Vanessa Brigitte Gilles (born March 11, 1996) is a Canadian professional soccer player who plays as a centre-back for French club Lyon (on loan from Angel City FC) and the Canada national team.

Early career 
Originally a tennis player, in her teenage years, Gilles quit the sport to switch to soccer. After briefly attempting to play as a goalkeeper, she became a defender. She played for FC Capital United in Ottawa, Ontario, winning a league title in 2013. At the 2013 Canada Summer Games, she won a bronze medal with Team Ontario.

College career 
She then played for the Cincinnati Bearcats in the United States from 2014 to 2017. She was named 2015 American Athletic Conference Most Outstanding Defensive Player of the Tournament and, in 2016, became the first Bearcats women's athlete to earn all-conference first team accolades in both the preseason and postseason in American Athletic Conference history. In 2017, she was named American Athletic Conference Co-Defensive Player of the Year. When she won an Olympic gold medal in 2021, she became the fifth athlete in Bearcats history to do so.

Club career

West Ottawa SC 
In May 2017, Gilles joined League1 Ontario side West Ottawa SC. She scored 2 goals in 9 appearances in the regular season, and was selected to the 2017 League1 Ontario All-Star third team. She was also selected to represent League1 Ontario in the All-Star game against the Team Ontario squad competing in the 2017 Canada Games.

Apollon Limassol 
In January 2018, Gilles signed a short-term contract with Cypriot First Division side Apollon Limassol. She made her professional debut for the club on January 14, starting in a 1–1 draw with Anorthosis Famagusta. She scored 10 goals in 11 appearances for the club in the regular season, and made 3 appearances in the Cypriot Women's Cup tournament, helping Apollon Limassol win the final against Pyrgos Limassol on penalties.

Bordeaux 
In July 2018, Gilles signed a two-year contract with Division 1 Féminine side Girondins de Bordeaux. In May 2020, she signed a two-year extension with Bordeaux.

Angel City FC 
After 3.5 years at Bordeaux, Gilles would transfer to NWSL club Angel City FC for an undisclosed fee. She would sign a contract for 2022 with an option for 2023.

Lyon (loan) 
In September 2022, Gilles signed for Lyon on a season-long loan.

International career 
Although born in Quebec, Gilles was eligible to play for France as her father was born in Paris. In November 2018, Gilles was called into the France U23 camp, and played for Les Bleues in a 5–2 victory against Belgium.

Canada 
On January 18, 2019, she made her unofficial debut for Canada in a behind-closed-doors friendly against Switzerland. On November 10, she made her official debut in a 3–0 victory against New Zealand at the 2019 Yongchuan International Tournament.

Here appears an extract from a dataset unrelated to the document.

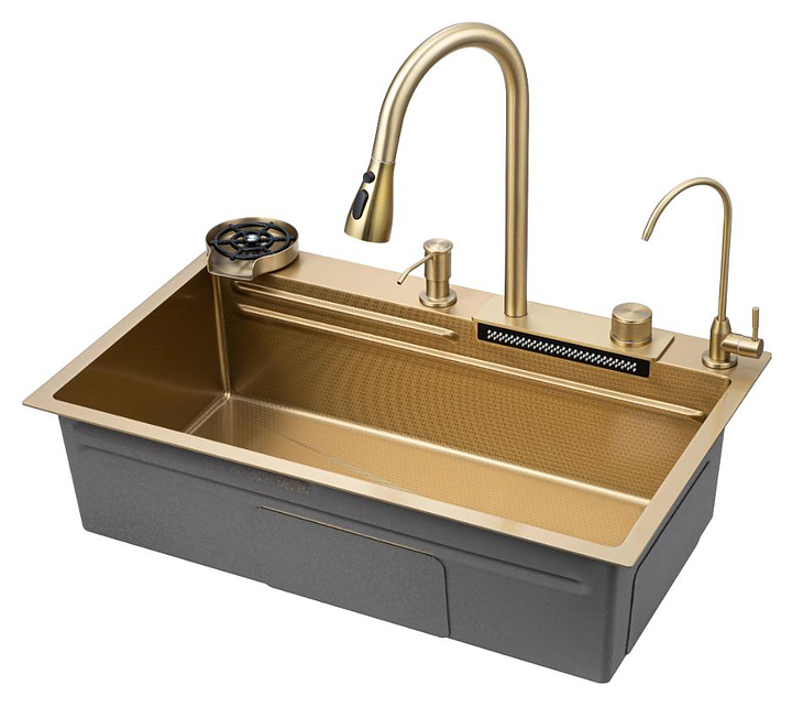 Мойка Savol S-SC003C предназначена для рационального планирования рабочего места на кухне. Модель оснащена панелью со смесителем, водопадом, краном для питьевой воды и ополаскивателем стакана. Изделие выполнено из нержавеющей стали, которая отличается прочностью, долговечностью, устойчивостью к царапинам и коррозии. В комплект поставки входят разделочная доска из дерева и набор для установки. Дополнительные характеристики:

She was named to the Canadian national team for the 2020 Summer Olympics. She scored the decisive penalty shootout goal for Canada in the quarterfinals against Brazil. Although her penalty shootout attempt in the final of the tournament against Sweden hit the crossbar, Canada won the game and she would earn her first Olympic gold medal.

Personal life 
On March 20, 2019, Gilles spoke at the United Nations in New York City, as part of the 63rd Session of the Commission on the Status of Women.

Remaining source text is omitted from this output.